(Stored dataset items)
------------------------------------------------

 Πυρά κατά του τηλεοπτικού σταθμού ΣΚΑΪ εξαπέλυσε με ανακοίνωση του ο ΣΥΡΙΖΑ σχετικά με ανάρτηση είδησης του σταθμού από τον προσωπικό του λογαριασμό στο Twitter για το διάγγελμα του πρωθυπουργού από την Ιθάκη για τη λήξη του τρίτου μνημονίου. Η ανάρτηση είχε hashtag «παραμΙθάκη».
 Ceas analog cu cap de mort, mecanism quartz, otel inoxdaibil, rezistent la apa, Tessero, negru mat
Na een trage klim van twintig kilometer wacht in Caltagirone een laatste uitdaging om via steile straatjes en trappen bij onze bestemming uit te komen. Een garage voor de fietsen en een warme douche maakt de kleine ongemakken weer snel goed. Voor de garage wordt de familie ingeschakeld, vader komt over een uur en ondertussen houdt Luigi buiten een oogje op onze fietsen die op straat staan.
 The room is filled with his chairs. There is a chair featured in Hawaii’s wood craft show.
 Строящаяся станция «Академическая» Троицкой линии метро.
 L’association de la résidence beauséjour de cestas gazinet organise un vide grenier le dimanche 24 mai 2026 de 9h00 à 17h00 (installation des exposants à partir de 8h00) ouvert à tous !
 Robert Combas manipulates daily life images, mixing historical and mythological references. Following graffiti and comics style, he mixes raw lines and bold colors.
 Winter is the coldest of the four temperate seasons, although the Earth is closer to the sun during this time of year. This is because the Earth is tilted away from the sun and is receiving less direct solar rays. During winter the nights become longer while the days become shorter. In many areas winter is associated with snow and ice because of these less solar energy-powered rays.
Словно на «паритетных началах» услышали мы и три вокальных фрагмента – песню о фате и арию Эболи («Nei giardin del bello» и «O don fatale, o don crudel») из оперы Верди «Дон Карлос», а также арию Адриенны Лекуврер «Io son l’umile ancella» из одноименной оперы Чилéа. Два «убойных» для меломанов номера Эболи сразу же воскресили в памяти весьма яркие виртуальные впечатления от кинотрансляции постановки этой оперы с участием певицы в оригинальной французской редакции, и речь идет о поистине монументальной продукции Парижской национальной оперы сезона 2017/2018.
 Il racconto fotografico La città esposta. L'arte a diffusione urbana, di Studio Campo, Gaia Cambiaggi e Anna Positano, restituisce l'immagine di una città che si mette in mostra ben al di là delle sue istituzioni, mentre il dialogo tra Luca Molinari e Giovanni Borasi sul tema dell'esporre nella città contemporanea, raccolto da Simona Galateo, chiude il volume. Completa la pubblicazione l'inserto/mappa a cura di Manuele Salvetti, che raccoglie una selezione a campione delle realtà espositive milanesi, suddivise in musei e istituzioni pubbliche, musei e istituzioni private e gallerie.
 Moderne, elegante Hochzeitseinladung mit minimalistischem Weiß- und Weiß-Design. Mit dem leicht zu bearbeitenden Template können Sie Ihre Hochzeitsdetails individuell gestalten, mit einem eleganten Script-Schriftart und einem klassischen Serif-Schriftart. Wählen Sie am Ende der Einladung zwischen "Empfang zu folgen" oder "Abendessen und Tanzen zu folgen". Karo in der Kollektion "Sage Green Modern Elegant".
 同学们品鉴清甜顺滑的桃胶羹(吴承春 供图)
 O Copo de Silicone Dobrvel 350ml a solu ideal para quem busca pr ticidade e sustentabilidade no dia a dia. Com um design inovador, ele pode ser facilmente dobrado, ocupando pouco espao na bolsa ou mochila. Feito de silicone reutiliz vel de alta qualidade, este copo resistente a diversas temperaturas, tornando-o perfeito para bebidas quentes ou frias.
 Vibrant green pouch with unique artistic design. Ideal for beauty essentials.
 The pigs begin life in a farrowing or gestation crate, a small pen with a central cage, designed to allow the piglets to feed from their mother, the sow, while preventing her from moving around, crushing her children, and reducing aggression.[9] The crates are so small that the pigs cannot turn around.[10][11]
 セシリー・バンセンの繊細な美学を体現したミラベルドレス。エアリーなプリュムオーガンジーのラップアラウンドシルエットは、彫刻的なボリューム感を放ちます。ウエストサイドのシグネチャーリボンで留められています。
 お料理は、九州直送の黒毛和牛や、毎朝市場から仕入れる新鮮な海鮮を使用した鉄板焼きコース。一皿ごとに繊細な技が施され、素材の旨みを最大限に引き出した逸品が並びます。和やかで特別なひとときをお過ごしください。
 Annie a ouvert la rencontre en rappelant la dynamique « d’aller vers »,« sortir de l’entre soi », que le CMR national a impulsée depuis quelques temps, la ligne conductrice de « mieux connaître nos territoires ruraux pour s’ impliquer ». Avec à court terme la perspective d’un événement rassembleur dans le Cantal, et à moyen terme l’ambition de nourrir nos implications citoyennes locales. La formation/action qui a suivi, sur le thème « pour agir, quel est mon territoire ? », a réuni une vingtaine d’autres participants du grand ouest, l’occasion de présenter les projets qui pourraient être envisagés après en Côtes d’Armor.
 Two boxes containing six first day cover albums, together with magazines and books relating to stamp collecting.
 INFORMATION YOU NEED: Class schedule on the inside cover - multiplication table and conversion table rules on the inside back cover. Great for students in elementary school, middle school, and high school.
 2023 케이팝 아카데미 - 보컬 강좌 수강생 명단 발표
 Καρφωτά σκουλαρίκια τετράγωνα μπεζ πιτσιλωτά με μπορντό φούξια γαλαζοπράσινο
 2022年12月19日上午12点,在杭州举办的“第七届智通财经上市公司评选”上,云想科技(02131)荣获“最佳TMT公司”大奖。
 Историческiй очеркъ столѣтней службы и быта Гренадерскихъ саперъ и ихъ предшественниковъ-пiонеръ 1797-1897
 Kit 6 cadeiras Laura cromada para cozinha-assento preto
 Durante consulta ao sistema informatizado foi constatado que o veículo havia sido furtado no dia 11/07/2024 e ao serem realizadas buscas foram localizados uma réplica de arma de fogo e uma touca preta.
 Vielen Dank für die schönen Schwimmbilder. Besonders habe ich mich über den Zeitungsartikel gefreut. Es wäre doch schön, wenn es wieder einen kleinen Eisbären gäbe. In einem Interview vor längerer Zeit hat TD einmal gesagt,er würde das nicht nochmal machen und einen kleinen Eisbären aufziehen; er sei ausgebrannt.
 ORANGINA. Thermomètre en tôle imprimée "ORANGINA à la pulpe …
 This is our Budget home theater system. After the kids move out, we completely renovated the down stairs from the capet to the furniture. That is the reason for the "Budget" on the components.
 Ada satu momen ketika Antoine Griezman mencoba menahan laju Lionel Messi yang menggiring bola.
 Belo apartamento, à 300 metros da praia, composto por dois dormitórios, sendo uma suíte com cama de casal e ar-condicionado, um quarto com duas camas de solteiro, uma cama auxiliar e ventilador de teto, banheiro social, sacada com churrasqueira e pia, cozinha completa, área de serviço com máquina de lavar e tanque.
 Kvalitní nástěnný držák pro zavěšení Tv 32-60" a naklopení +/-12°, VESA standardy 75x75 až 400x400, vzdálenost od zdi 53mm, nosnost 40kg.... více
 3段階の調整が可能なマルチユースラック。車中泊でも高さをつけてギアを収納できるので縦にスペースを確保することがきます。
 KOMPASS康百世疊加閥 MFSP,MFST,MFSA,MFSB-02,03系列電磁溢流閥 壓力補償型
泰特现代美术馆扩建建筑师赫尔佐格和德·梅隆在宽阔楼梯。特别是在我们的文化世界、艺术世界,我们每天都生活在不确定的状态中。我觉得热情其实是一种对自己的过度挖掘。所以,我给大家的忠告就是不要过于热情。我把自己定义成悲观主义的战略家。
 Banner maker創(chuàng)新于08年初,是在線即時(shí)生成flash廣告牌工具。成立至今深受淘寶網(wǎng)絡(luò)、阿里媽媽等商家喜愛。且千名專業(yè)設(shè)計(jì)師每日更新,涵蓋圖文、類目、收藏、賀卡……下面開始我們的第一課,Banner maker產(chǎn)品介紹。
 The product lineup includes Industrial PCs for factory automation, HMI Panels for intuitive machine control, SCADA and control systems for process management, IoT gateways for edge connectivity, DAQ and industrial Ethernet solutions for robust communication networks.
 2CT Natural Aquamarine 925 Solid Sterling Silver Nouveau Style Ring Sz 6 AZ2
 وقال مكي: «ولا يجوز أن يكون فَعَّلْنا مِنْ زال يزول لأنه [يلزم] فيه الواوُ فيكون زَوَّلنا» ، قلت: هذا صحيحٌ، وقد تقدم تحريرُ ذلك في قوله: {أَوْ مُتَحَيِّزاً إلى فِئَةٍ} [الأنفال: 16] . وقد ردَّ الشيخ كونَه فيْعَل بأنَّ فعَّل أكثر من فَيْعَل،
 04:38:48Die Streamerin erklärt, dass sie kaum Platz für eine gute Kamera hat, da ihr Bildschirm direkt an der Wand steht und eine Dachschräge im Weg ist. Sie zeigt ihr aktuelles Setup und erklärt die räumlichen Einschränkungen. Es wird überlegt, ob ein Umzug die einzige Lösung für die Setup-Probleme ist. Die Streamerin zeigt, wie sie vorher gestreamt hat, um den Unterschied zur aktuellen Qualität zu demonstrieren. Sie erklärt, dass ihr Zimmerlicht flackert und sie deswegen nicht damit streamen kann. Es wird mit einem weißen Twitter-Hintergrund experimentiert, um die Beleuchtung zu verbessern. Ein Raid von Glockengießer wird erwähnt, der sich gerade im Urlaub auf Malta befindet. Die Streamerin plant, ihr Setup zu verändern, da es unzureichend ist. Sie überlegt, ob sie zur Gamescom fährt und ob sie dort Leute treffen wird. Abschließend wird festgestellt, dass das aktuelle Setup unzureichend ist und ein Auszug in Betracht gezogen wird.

------------------------------------------------

--- TASK TO COMPLETE ---
What you return must be the lines above that run from the line with "2023 케이팝 아카데미 - 보컬 강좌 수강생 명단 발표" to the line with "KOMPASS康百世疊加閥 MFSP,MFST,MFSA,MFSB-02,03系列電磁溢流閥 壓力補償型", inclusive, each copied exactly.

--- RESULT ---
 2023 케이팝 아카데미 - 보컬 강좌 수강생 명단 발표
 Καρφωτά σκουλαρίκια τετράγωνα μπεζ πιτσιλωτά με μπορντό φούξια γαλαζοπράσινο
 2022年12月19日上午12点,在杭州举办的“第七届智通财经上市公司评选”上,云想科技(02131)荣获“最佳TMT公司”大奖。
 Историческiй очеркъ столѣтней службы и быта Гренадерскихъ саперъ и ихъ предшественниковъ-пiонеръ 1797-1897
 Kit 6 cadeiras Laura cromada para cozinha-assento preto
 Durante consulta ao sistema informatizado foi constatado que o veículo havia sido furtado no dia 11/07/2024 e ao serem realizadas buscas foram localizados uma réplica de arma de fogo e uma touca preta.
 Vielen Dank für die schönen Schwimmbilder. Besonders habe ich mich über den Zeitungsartikel gefreut. Es wäre doch schön, wenn es wieder einen kleinen Eisbären gäbe. In einem Interview vor längerer Zeit hat TD einmal gesagt,er würde das nicht nochmal machen und einen kleinen Eisbären aufziehen; er sei ausgebrannt.
 ORANGINA. Thermomètre en tôle imprimée "ORANGINA à la pulpe …
 This is our Budget home theater system. After the kids move out, we completely renovated the down stairs from the capet to the furniture. That is the reason for the "Budget" on the components.
 Ada satu momen ketika Antoine Griezman mencoba menahan laju Lionel Messi yang menggiring bola.
 Belo apartamento, à 300 metros da praia, composto por dois dormitórios, sendo uma suíte com cama de casal e ar-condicionado, um quarto com duas camas de solteiro, uma cama auxiliar e ventilador de teto, banheiro social, sacada com churrasqueira e pia, cozinha completa, área de serviço com máquina de lavar e tanque.
 Kvalitní nástěnný držák pro zavěšení Tv 32-60" a naklopení +/-12°, VESA standardy 75x75 až 400x400, vzdálenost od zdi 53mm, nosnost 40kg.... více
 3段階の調整が可能なマルチユースラック。車中泊でも高さをつけてギアを収納できるので縦にスペースを確保することがきます。
 KOMPASS康百世疊加閥 MFSP,MFST,MFSA,MFSB-02,03系列電磁溢流閥 壓力補償型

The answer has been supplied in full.